Italian sports administrator and gymnast (1940–2024)

Luigi Cimnaghi (10 August 1940 – 22 March 2024) was an Italian sports administrator and gymnast. He competed at the 1964 and 1968 Olympics in all artistic gymnastics events and finished in 4th and 12th place with the Italian team, respectively. His best individual result was 14th place on the parallel bars in 1964. He won gold medals with the Italian team at the 1963 and 1967 Mediterranean Games, as well as four individual medals in 1967: two silvers, on the parallel bars and vault, and two bronze medals, all-around and on the horizontal bar.

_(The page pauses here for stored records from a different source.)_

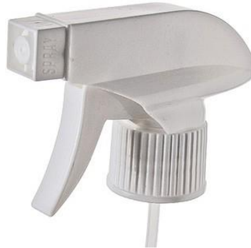
28/410 Trigger MH Branca Estriada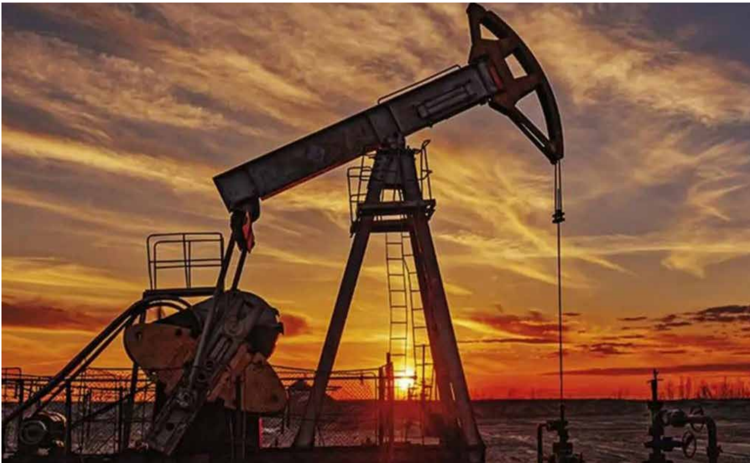
Ecopetrol se equivocó en la negociación con Repsol sobre el pozo CPO9 en Guamal, Meta.

¿Pero cómo disimularan la platica que Ecopetrol dejó de ganarse? Con Que el accionista mayoritario no rebuzne no se tapa el mal negocio.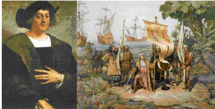
Cristobal Colón (1451-1506) y el descubrimiento del Nuevo Mundo

El descubrimiento de América realizado por Cristóbal Colón en 1492 originaría una de las polémicas más intensas de la historia de la medicina como fué el origen de la sífilis (1),(2),(10), (11),(12),(13).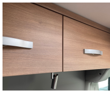
+ Meubeldecor Cape Town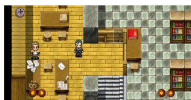
Scene Awal Gim Edukasi

Tahap develop merupakan tahap pembuatan produksi atau pengembangan gim edukasi. Jenis gim edukasi yang digunakan pada penelitian ini, yaitu jenis Role Playing Game (RPG). Gim berjenis RPG memiliki banyak variasi dan dinamika permainan yang dapat digunakan sebagai mekanisme untuk meningkatkan efektivitas pembelajaran. Skenario dengan menjadikan pemain sebagai tokoh utama dapat membantu penyampaian materi yang diajarkan di dalam permainan (Hermawan et al., 2017). Pengembangan gim dibuat sesuai dengan storyboard , dimulai dari pembuatan desain antarmuka pengguna, karakter dalam bentuk grafik, dan dikombinasikan dengan perangkat lunak game engine dengan pemberian fungsi dengan kode program. Pembuatan desain antarmuka pengguna menggunakan perangkat lunak desain grafis, yaitu Adobe Illustrator CC 2019 dan Affinity Designer. Gambaran tampilan antarmuka pengguna perjalanan Jojo menuju karakter Dosen ditunjukkan pada Gambar 4.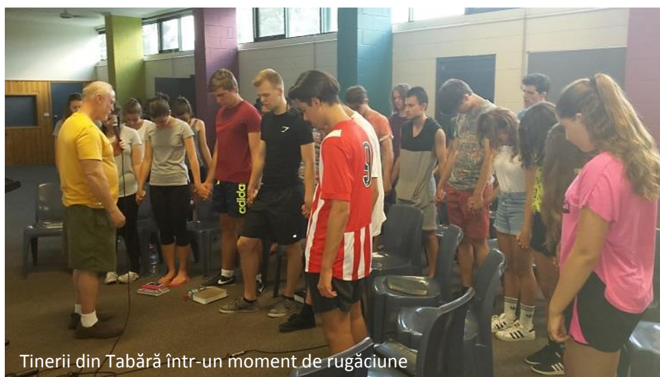
Tinerii din Tabără într-un moment de rugăciune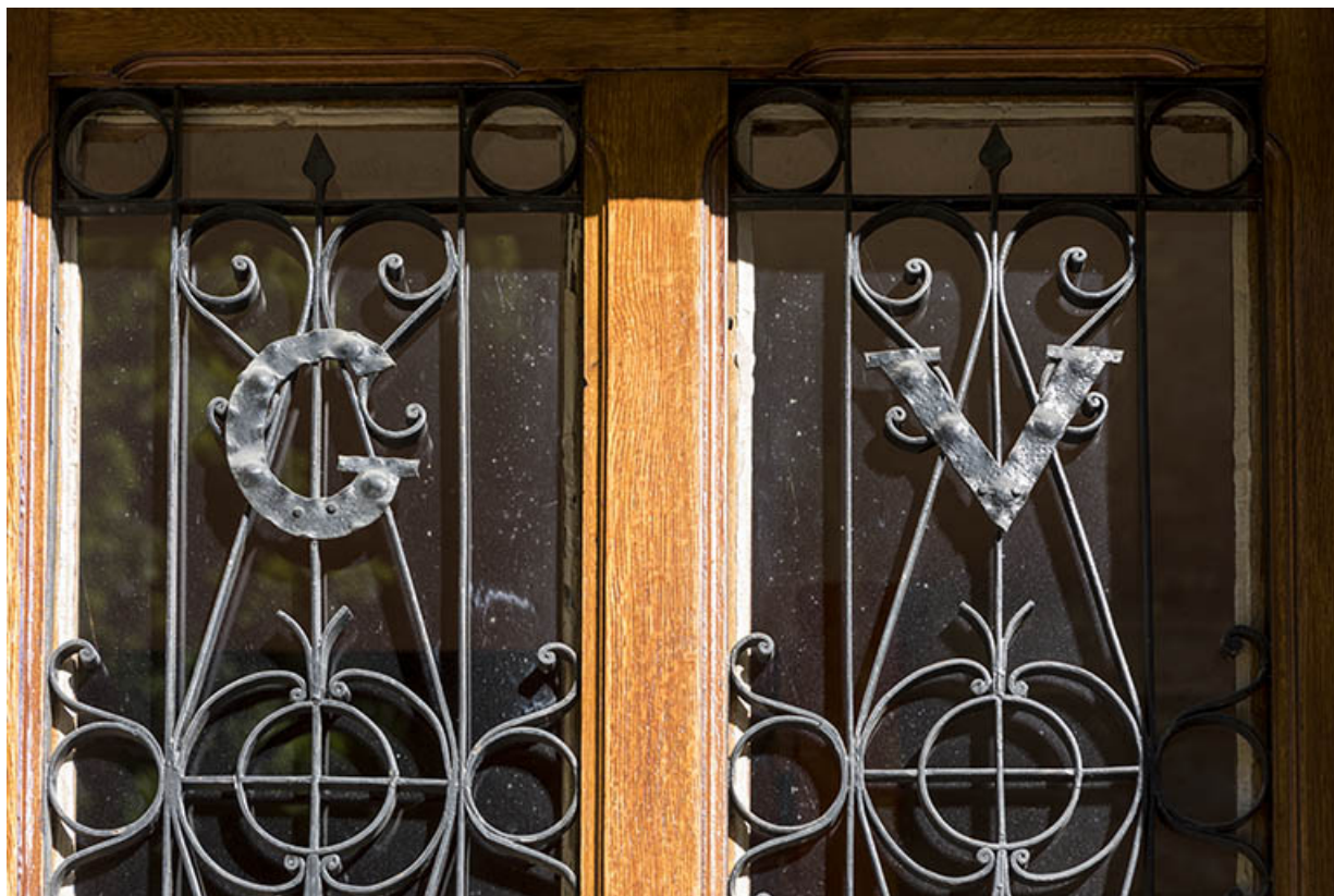
Façade antérieure : initiales G et V (Garnache Virgile) sur la ferronnerie de l'entrée. 25, Les Gras, 16 Grande Rue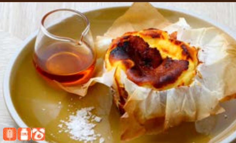
Basque Cheese Cake 800yen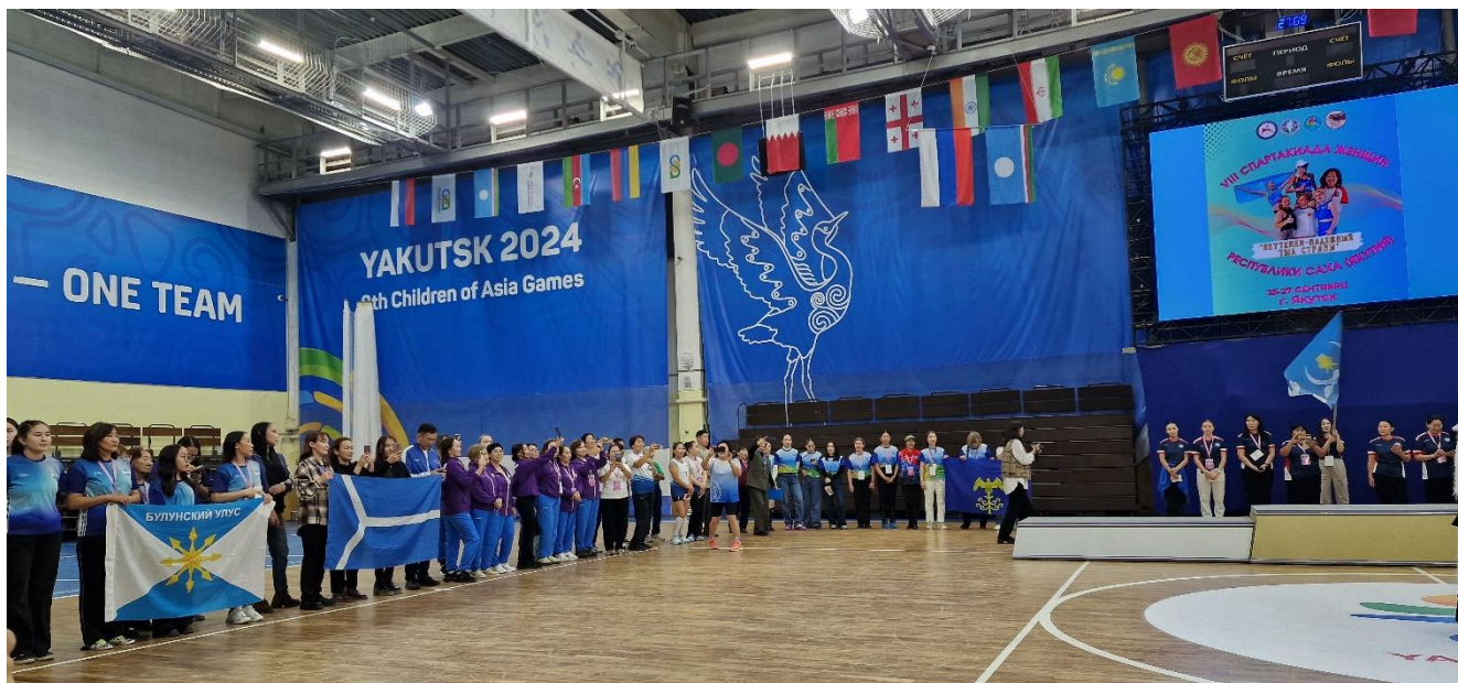
Рисунок 34. Команды в ожидании итогов VIII Спартакиады женщин Якутии, 2024 г.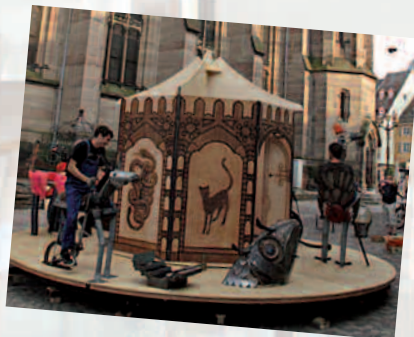
Le manège des 1001 nuits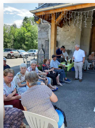
Apéritif des anciens combattants 06/2019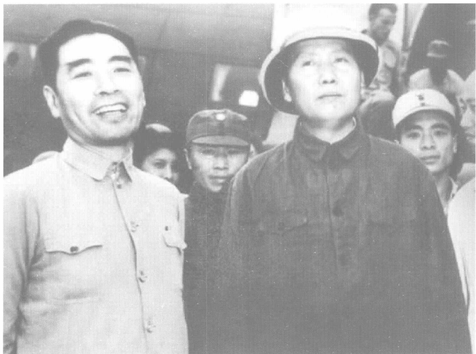
1945年8月，为谋求国内和平，周恩来陪同毛泽东到重庆同国民党谈判。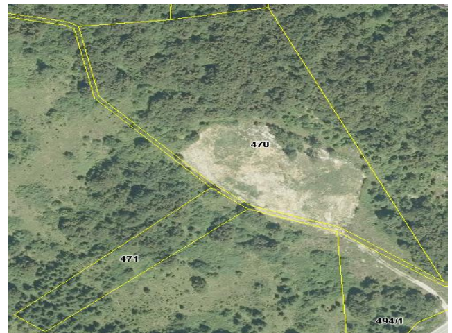
Slika 3. Lokacija saniranog divljeg odlagališta "Prijeboj"

Udaljenost od naselja i prometnice: na lokaciju se dolazi cestom (neasfaltirani odvojak dugačak 100-tinjak metara) koja se na dionici Plitvička jezera - Korenica odvaja od državne ceste D-1 Karlovac - Slunj - Rakovica -Plitvička Jezera - Korenica - Udbina - Gospić - Zadar, u smjeru Bihaća. Udaljenost od spomenutog odvojka magistralne ceste do odlagališta je 3 km.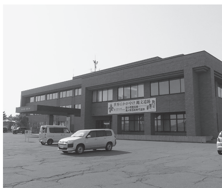
つがる市役所本庁舎

A 令和8年度から10年計画で改修工事を実施する。工事費の総額は約10億円となる見込みで、屋根や外壁、窓など緊急性の高い箇所から改修にとりかかる予定である。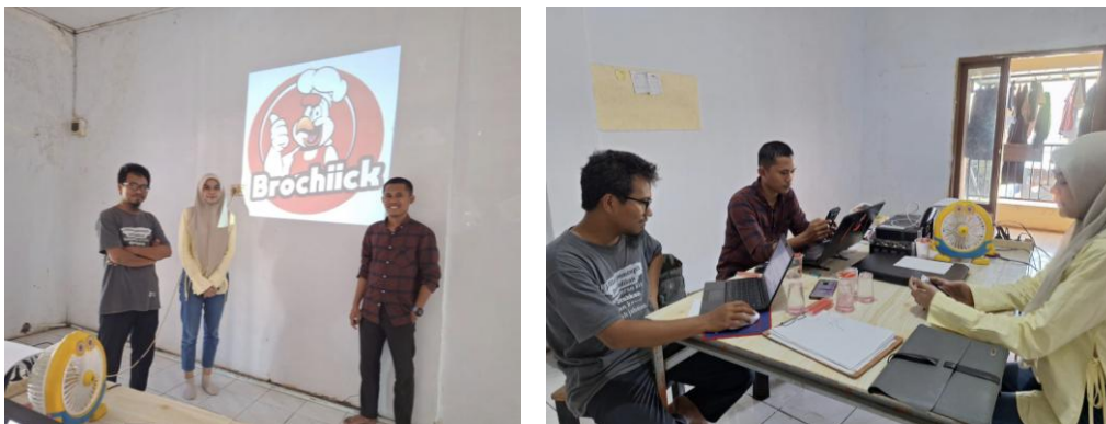
Gambar 1. Dokumentasi Kegiatan Sosialisasi

Kegiatan sosialisasi dilakukan pada Kantor UMKM Brochiick yang berlokasi di jalan Antang Raya No.57, Antang, Kec. Manggala, Kota Makassar, Sulawesi Selatan. Kegiatan sosialisasi dilaksanakan sebagai upaya menyatukan pemahaman antara pemilik dan staf UMKM dengan tim pengabdian terkait rencana pelaksanaan program. Beberapa studi terdahulu menegaskan bahwa tahap sosialisasi berperan krusial sebagai langkah awal bagi UMKM Brochiick untuk memahami strategi yang akan diterapkan (Hamidah Sari & Desty Febrian, 2025). Selain itu, proses ini juga berkontribusi dalam meningkatkan pemahaman serta kesiapan pelaku usaha dalam mengadopsi strategi baru, termasuk dalam konteks penerapan pemasaran digital (Rachmawati & Hariyana, 2023). Dalam pelaksanaan kegiatan ini, tim pengabdian memberikan penjelasan mengenai maksud serta tujuan dari program PKM yang dijalankan. Selain itu, tim juga menyampaikan gambaran mengenai persiapan yang telah dilakukan, rencana kegiatan yang akan dilaksanakan, serta capaian akhir yang diharapkan dari program PKM tersebut.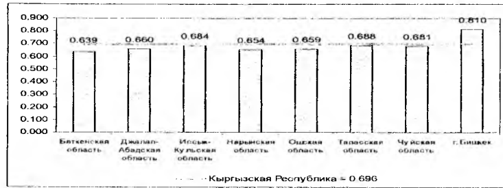
Рис. 3. Индекс развития с учетом гендерного фактора (ИРГФ) за 2006 г.

Разница между ИРЧП и ИРГФ в Кыргызстане традиционно мала, что свидетельствует о принципиальном равенстве возможностей для развития мужской и женской части населения. Расчеты индекса осуществляются с 1996г., когда он составлял 0,654, в 2004г. – 0,696, в 2006 г. его значение так же составило 0,696.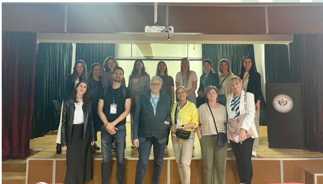
Slika 15 Druga kratka obuka (Second short staff training) u Bursi, Turska

U sklopu projekta INVITE, u 2025. godini je provedeno i kreirana: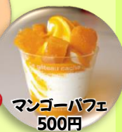
マンゴーパフェ 500円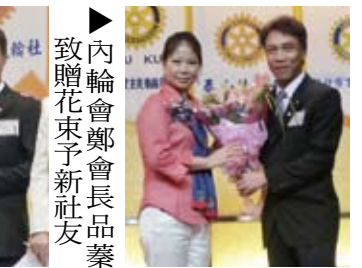
▲內輪會鄭會長品琴致贈花束予新社友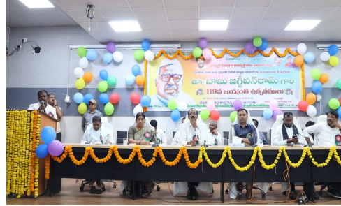
చేసిన సేవలను ఆయన చేసిన కృషిని కొనియాడారు. ఆయన ప్రస్థానం భావితరాలకు ఎంతో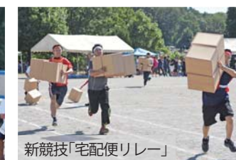
新競技「宅配便リレー」

After retiring from competitions Cimnaghi worked as a sports administrator. As a member of the European Union of Gymnastics he oversaw international junior competitions from 1984 to 1989. In 1988 he served as the chef de mission with the Italian Paralympic Team at the Nagano Winter Olympics, and in 1999-2004 worked as the manager of the Stadio Olimpico in Rome. Cimnaghi was a member of the organizing committees of the 1981 European Men's Artistic Gymnastics Championships, 1998 FEI World Equestrian Games, 2006 Winter Olympics and 2009 Mediterranean Games. Cimnaghi died on 22 March 2024, at the age of 83.